I can only assume the assignment was of the "a day in the life" variety so overused in elementary schools and Irish Literature.  Let's see what Zack did.

"A day in the life of..." (yeah, yeah, yeah, that kid really likes to write his name) "today I woke up and it was a new day I woke up and I drew a pitchure (picture) of a knight."  Oh wait, that drawing is still on the table upstairs... Here ya go:



"And then I played with  my brother.  Then for our breckfest" (breakfast, but I do like that spelling) "we had blue berry muffins.  They were delishes (that means yummy.)"  (Don't patronize me, boy, jeeze) "and they were super.  In fact I ate 3 of them!  after that I got on the bus and had fun at school.  At school we wrote about our favorite things.  I wrote these answers:  My favorite movie star..."

Yeah, he looped back to the beginning there.  It's like when you tried to pad a college paper, or a short chapter in a novel, just as an example.  Novelists never pad their chapters.

I think you can see he is a happy, productive kid.  I draw strength and encouragement from this sort of thing.  It makes me feel like we are doing things alright around here.


The same week N brought this home and handed it to me as he got off the bus...


I hesitate here.  There is something I don't want to bring up, not because it implicates someone, or is bad, or would shatter a political career, no, I don't want to bring it up because it hurts me when I think about it.  It hurts me in a way, in a place, that is deep and vulnerable... and then I cry.

Briefly, Nick has been suffering some deep anxiety about things that happened in place far away in a school, somewhere else.  But, not far enough away for a sensitive, naive boy who is afraid of cartoon villains and Wagnerian minor chords.  He's been quiet and withdrawn a little at school and becomes very distressed when he is tired here at home.  He's coming to terms with it, as am I, but, I often ask him how he's doing and reassure him that he's safe and that sort of thing.

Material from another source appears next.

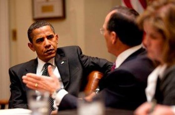 For the third time in two weeks, President Obama will meet today at the White House with several private-sector chief executives, discussing among other things the administration's fiscal plans. According to the Wall Street Journal, 14 CEOs will be in hand, including Goldman Sachs' Lloyd Blankfein, Caterpillar's Doug Oberhelman, and Pfizer's Ian Read.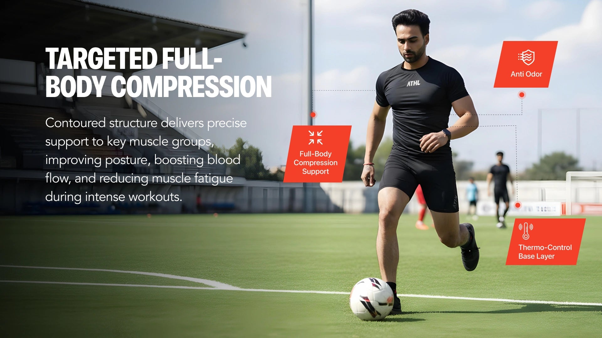 - Baselayer Technology β Enhances endurance by maintaining optimal body temperature. Built with breathable fabric, compression support & quick-dry tech for peak performance.

So, as he got off the bus, he fished around in his pocket and handed me this:




I'd like to be able to say I easily recognized that, well, creature, on the front there, but, nope.  After some consideration, and I am only speculating, I think it's a "Little."  They have tails, and wear gourd hats and utilikilts... I'm not sure about the football connection, maybe it's a rugby ball.

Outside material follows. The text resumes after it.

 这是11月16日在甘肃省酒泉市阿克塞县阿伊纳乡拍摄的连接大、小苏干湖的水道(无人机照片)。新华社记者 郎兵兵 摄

The inside reads:  "I ham (am) having a grate (great) time at school today.  Today is gym, some people got to have an esta (extra) gym I did  "oh and Mucik (Music)."  We finist (finished) are (our) math.  I don't know when testing is.  do you?  Sorry that I forgot my folder fore (for) two days.  Love, Nick."

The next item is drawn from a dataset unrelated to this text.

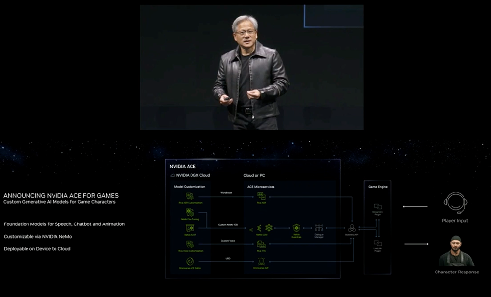 生成式AI将改变玩家与游戏角色间的互动方式,并极大提高游戏的沉浸感。对此,黄仁勋宣布推出面向游戏的NVIDIA Avatar云引擎(ACE)。

I love that "oh and Mucik" is in quotation marks, as if it just popped into his head little voice style.  And I do get annoyed when they forget their folders but, but...

...I think he wrote this to reassure us, to show us he was doing okay, "grate" even.  I know he knows we are concerned and this was his way of showing us that he was getting better.  Dear, sweet boy.


So there you have it, a little take-home folder nonsense - explained.  I was going to link some of the other posts of stuff from school but, seriously, it's like half my posts, but a good example of one is this post in which I lament "The Last Take-Home Folder" of First Grade.


From Marci's "... things you don't expect to hear from the backseat ..."

(Daddy's attempt at a philosophical conversation)


D: "What do you think is the difference between a house and a home?"


N: " A house is H-O-U-S-E and a home is H-O-M-E."


*thanks, kiddo, that clears it up* :)


There is no 'u' in home... huh?


(I responded to the Sandy Hook  tragedy in a post called Chase Kowalski and in this post as well.)




1 comment:

  1. Thanks for stopping by, Chicken Fried. I stop by your place quite a bit but, I don't comment enough. I love how you went from family command center to gettin' your groove back on in two posts.